People often say that there are no moral victories in boxing, but for Estela there clearly is. The sport is about more than just victories and losses on his record. The victory is showing up every day. In the fifth and sixth round, Estela achieved something tangible. Although he was clearly the more wounded fighter, he was somehow the more energetic one. With his head ringing, his abdomen aching, he danced around the ring and fired counter left hooks. Fierro had exhausted himself in landing everything imaginable, and now the man who looked ready to be stretchered out of the ring six minutes ago was ripping him with punches.
But the punishment Estela had endured was too much, and in the seventh round, Fierro trapped him along the ropes and landed a left hook that put Estela out on his feet. Even in the unconscious, he remained on his feet to absorb three more hooks as he slowly fell to the mat, his limp body settling on the canvas as if his heart could finally rest.

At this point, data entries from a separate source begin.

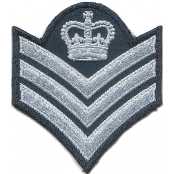 3 Strips Chevron with crown white thread hand embroidery gray blazer background for doublet arm and for any uniforms arms.
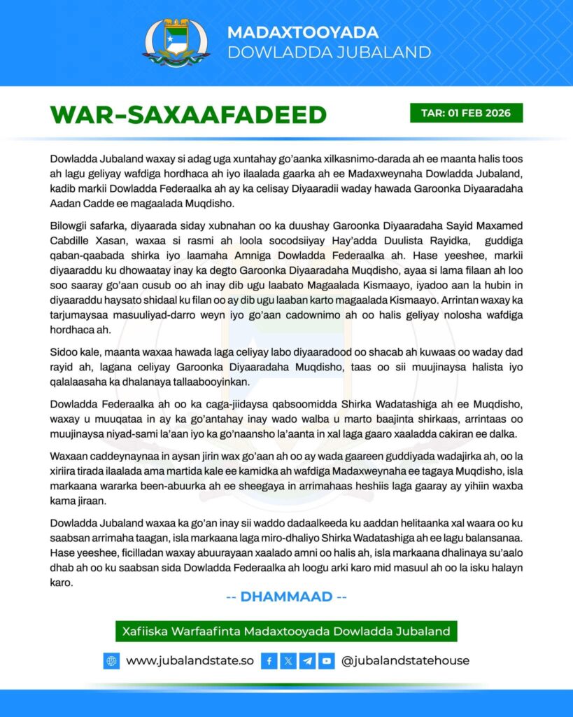 Jubaland oo ka hadashay Ciidamadeeda laga ceshay Xamar
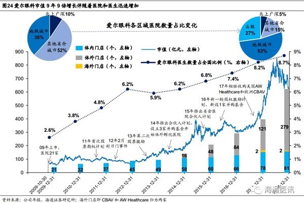2.2.1 爱尔眼科市值缘何9年增长9倍?尽管眼科医院的初始投入相对较高,行业依旧有众多竞争者:普瑞眼科、华厦眼科、新视界等,而爱尔眼科缘何实现了9年9倍的增长,从2009年刚上市21家眼科医院成长为全球最大的连锁眼科医疗机构?我们认为公司的核心竞争力体现在分级连锁模式塑造品牌、完善的人才培养体系和激励充分的机制,公司上市以来高速成长的9年,也是医院个数和医生数量迅速提升的过程。
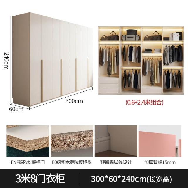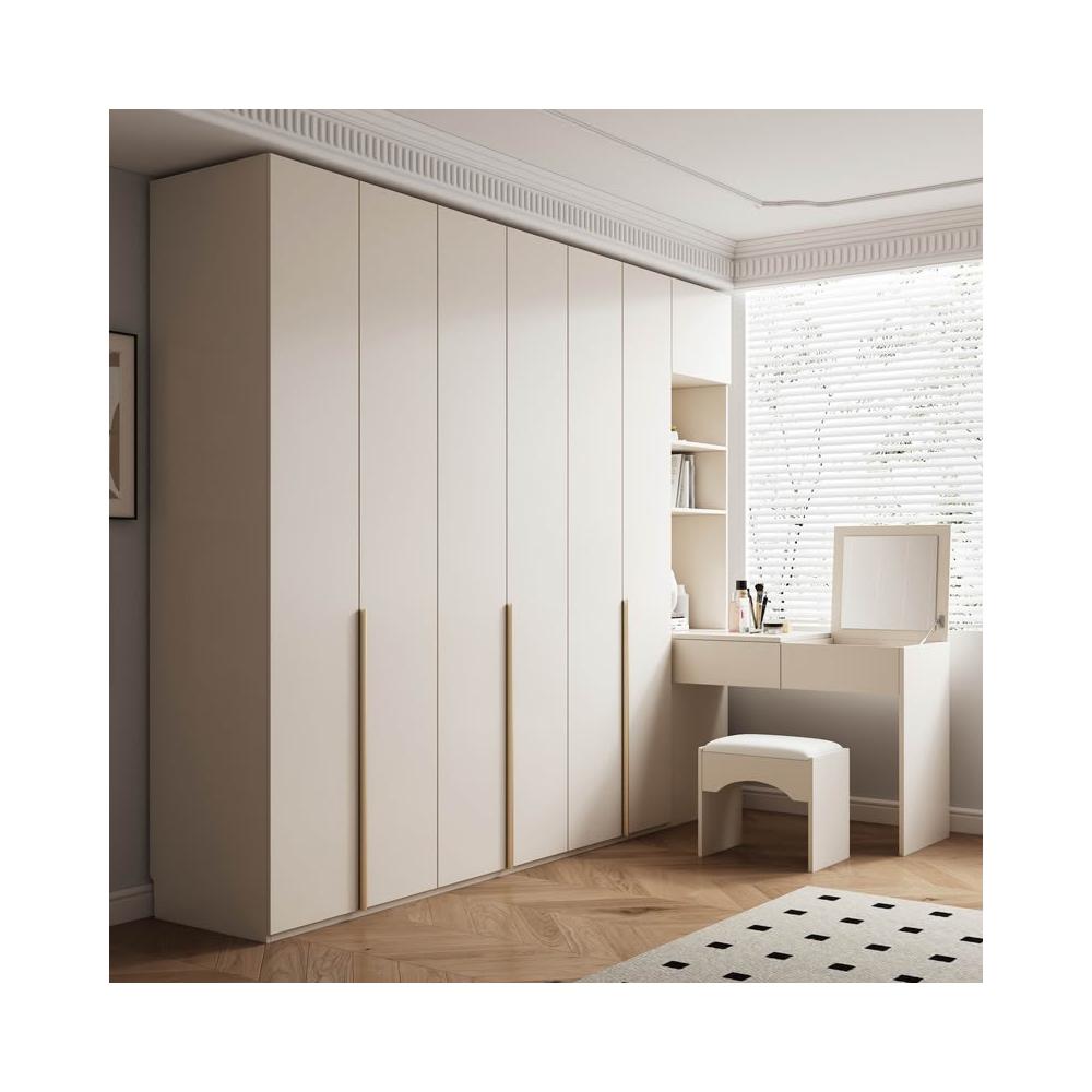 家居實木衣櫃奶油風簡約現代歐松板膚感書桌一體轉角櫃顆粒板包郵
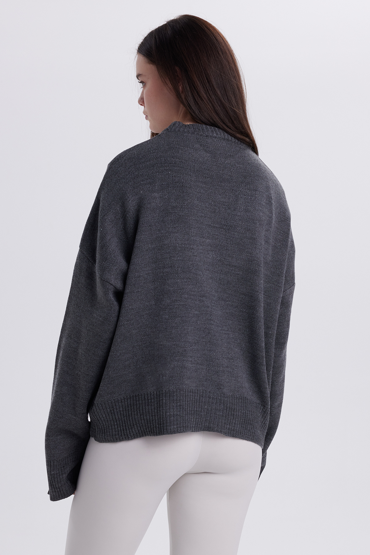 Kadın Oversize Geniş Kesim Bisiklet Yaka Antrasit Kazak
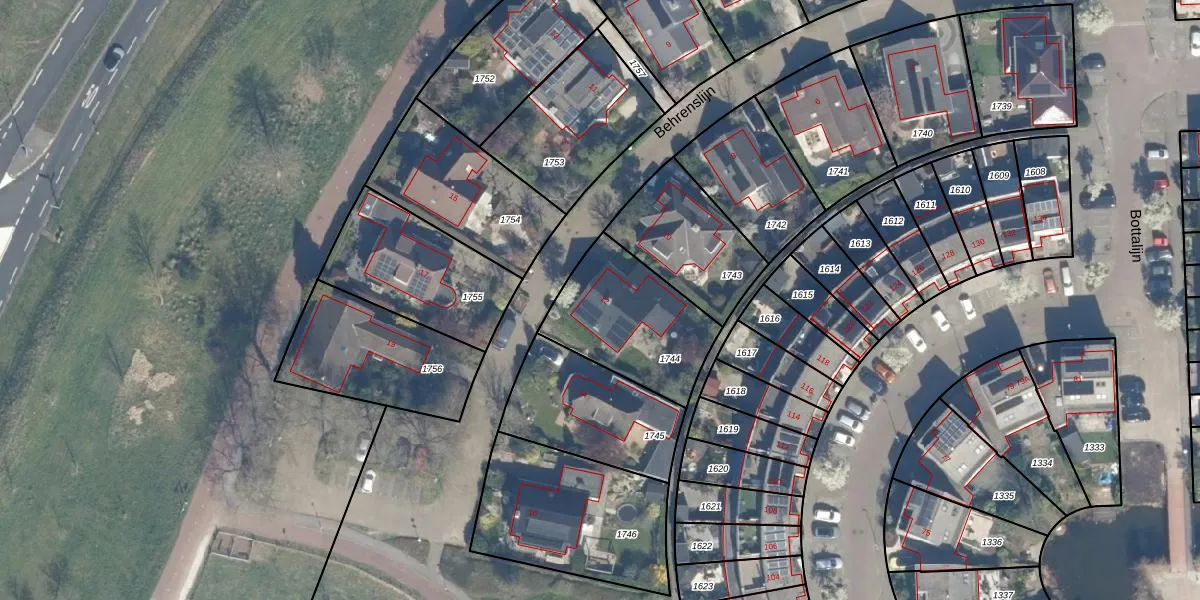 Het perceel waarop Behrenslijn 12 staat heeft een oppervlakte van 466 m². Dit is een groot perceel. De perceeloppervlakte wordt geregistreerd door het Kadaster. Gedetailleerde informatie over de maten van dit perceel kunt u vinden in het rapport Kadastrale kaart met maatvoering van Behrenslijn 12.
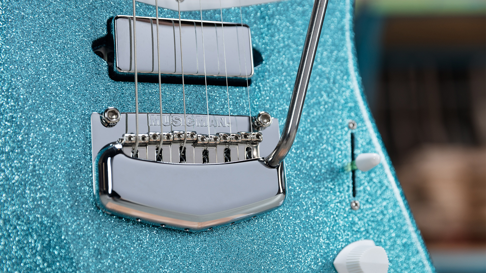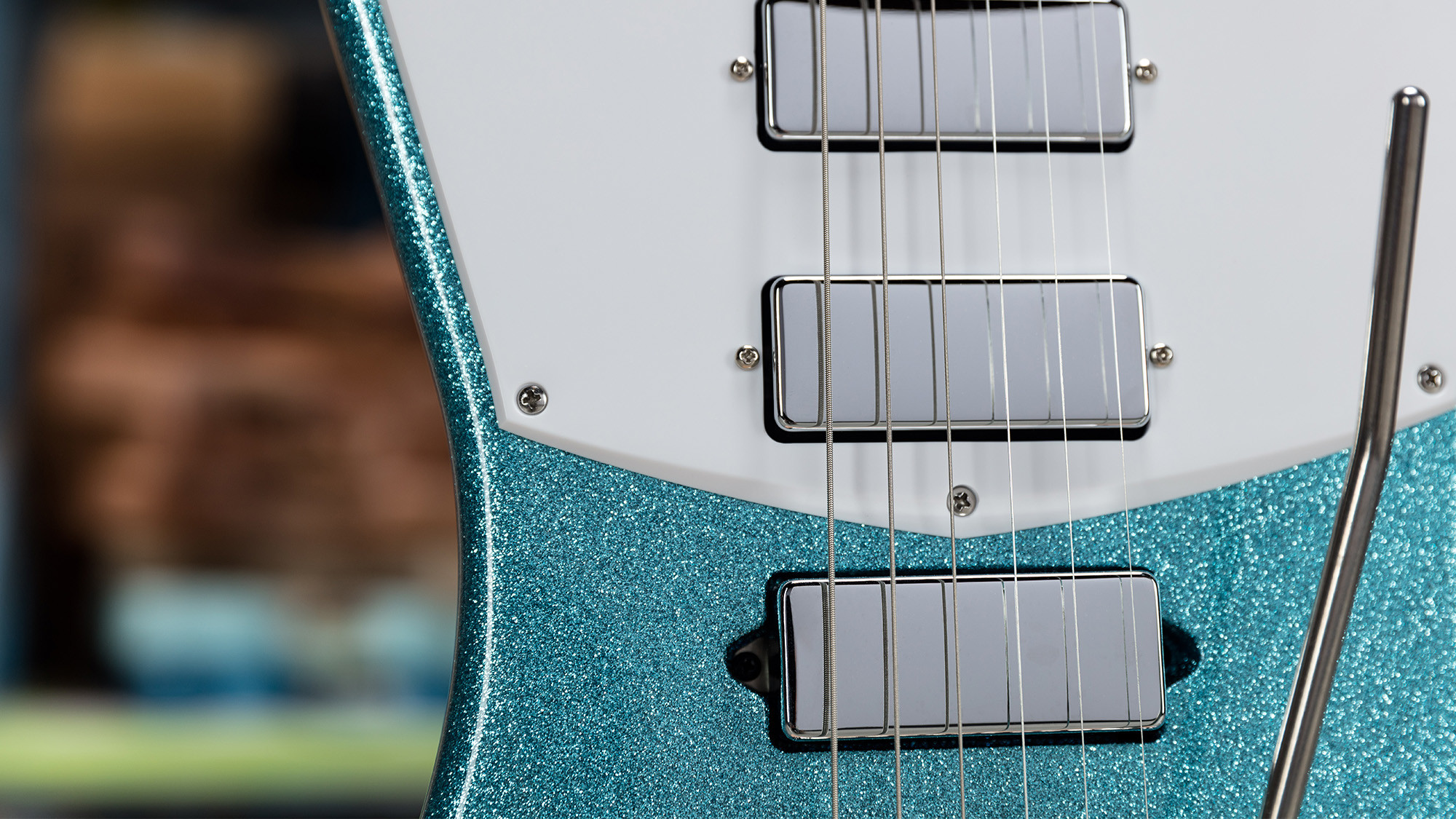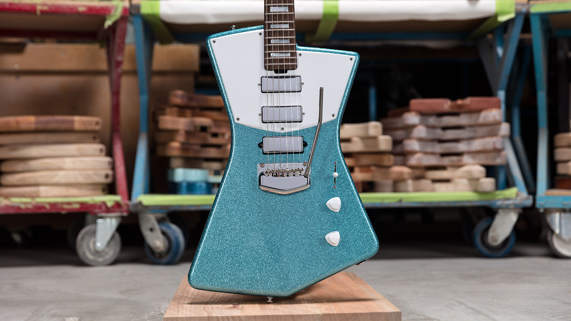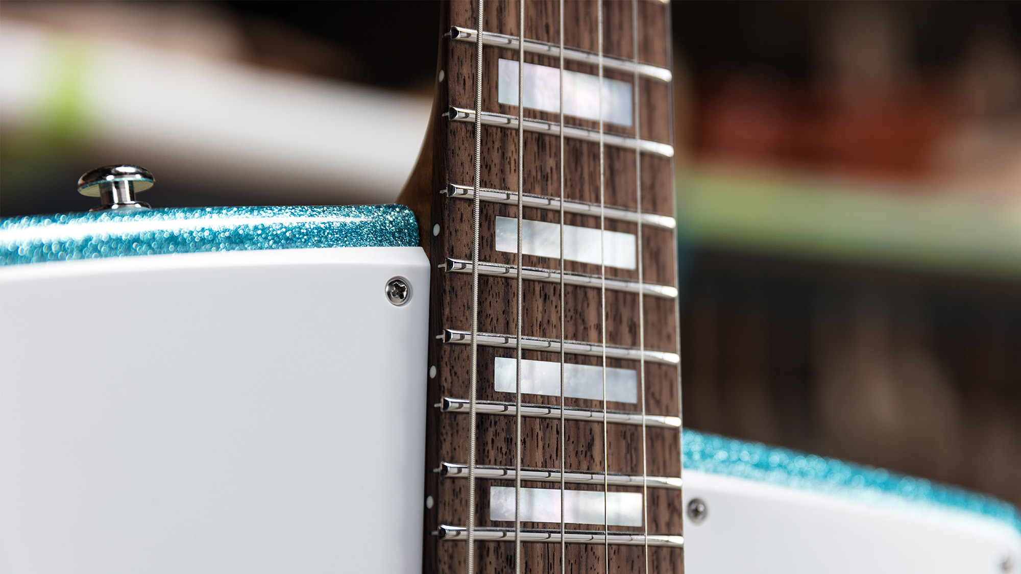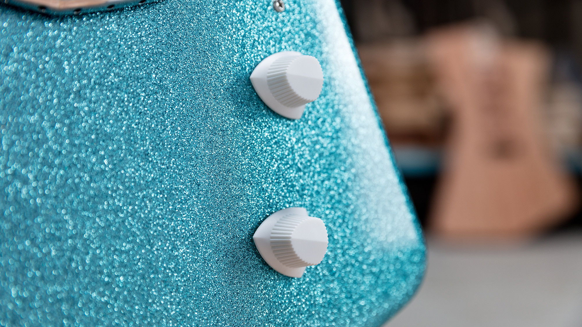 Cuerpo muy ligero de caoba africana en un exclusivo acabado Turquoise Crush Sparkle

How simultaneously proud and concerned the children must have been, the ones he coaches at the KO a las Drogas program Maroñas neighborhood of Montevideo, as they watched their mentor and hero continue to get up, to fight back, all the way until his frightening demise.
It likely would have been medically advisable for Estela to remain on his back to be tended to while concussed, but even after the fight was as conclusively over as one could be, Estela was still fighting to get to his feet. He didn't quite have the strength to sit on the stool, not to mention, what would reportedly be ruled a broken rib at the local hospital no doubt made lying down or sitting and compressing his midsection agonizing. He couldn't quite stand, so he knelt, an oxygen mask strapped to his face. Fierro walked over towards him holding the plush Minnie Mouse he carries with him to the ring as a message to his daughter. There was a look of sympathy on his face, and he held the doll outstretched in his hand almost reflexively, as if he were offering a gift of condolence, unsure of what to do for the man he'd just pummeled.
When Estela woke up in the morning, he reportedly could barely move, needing assistance to make it down to the airport shuttle. Rather than spend an extra night or two in Mexico to recover, he wanted to get back to Montevideo.
He’d made a commitment to the sport, and to the kids for whom the ring was the alternative to the life he narrowly escaped. He was still on his feet. He needed to be.